De stelling van de verdediging dat er slechts
tweeinzittenden in de Audi hebben gezeten impliceert dat iemand minstens twee keer zonder duidelijke reden over stoelen moet zijn geklommen: de keer nadat [naam buurtbewoner] de schutters rechts zag instappen en nóg een keer om daarna de motoragenten vanaf de achterbank te beschieten. Een dergelijke gang van zaken wordt als onlogisch en onaannemelijk terzijde geschoven.

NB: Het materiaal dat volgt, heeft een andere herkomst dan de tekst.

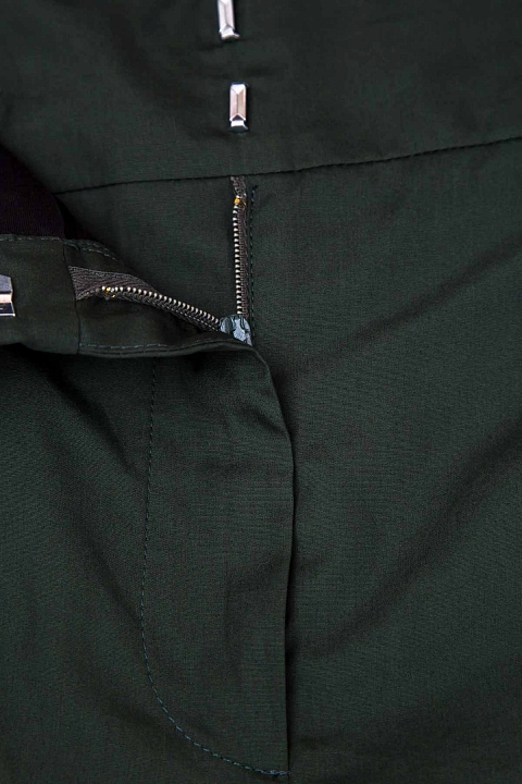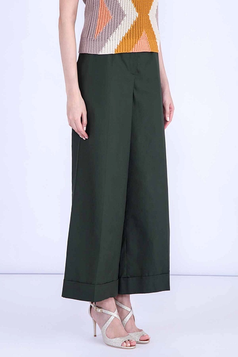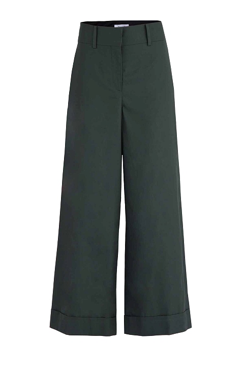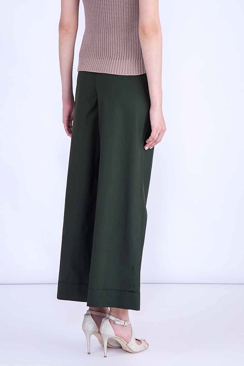 Стильные женские брюки-кюлоты Valentino свободного кроя выполнены из плотного хлопка изумрудно-зеленого цвета. Модель с завешенной посадкой на талии, осуществляющейся при помощи широкого притачного пояса со шлевка-петлями для ремня и застежкой на молнию и потайной крючок. По бокам и сзади имеются прорезные карманы. Кромки брючин дополнены отворотами. Сделано в Италии.

Dan is van belang de constatering dat de drie daders met de Audi, in een zeer korte tijdspanne, op de hielen gezeten door de politie, richting de Bok de Korverweg zijn gereden. Aangezien op de Bok de Korverweg volgens de getuige [getuige 2] twee inzittenden in allerijl de Audi hebben verlaten, moet de derde inzittende eerder zijn uitgestapt. Gelet op het hiervoor beschreven korte tijdsbestek waarbinnen alles is gebeurd, de rijroute van de Audi en de vondst van de vuurwapens, is de conclusie gerechtvaardigd dat de derde inzittende vlak voor de Bok de Korverweg, op de Nico Broekhuysenweg, reeds uit de Audi is gestapt om de vuurwapens in de sloot te dumpen. Dat daarbij alle vuurwapens die de schutters in de Audi bij zich hadden, ook de niet-gebruikte vuurwapens, in de sloot zijn gegooid ligt voor de hand. Dat de wapens vanuit een rijdende auto in de sloot zijn gegooid acht de rechtbank onaannemelijk, nu de sloot enkele meters vanaf de rijbaan is gelegen en er bomen tussen de rijbaan en de sloot staan. De rechtbank ziet niet in waarom dit, zoals de verdediging heeft beweerd, door de waarnemingen van getuige [getuige 2] zou worden uitgesloten.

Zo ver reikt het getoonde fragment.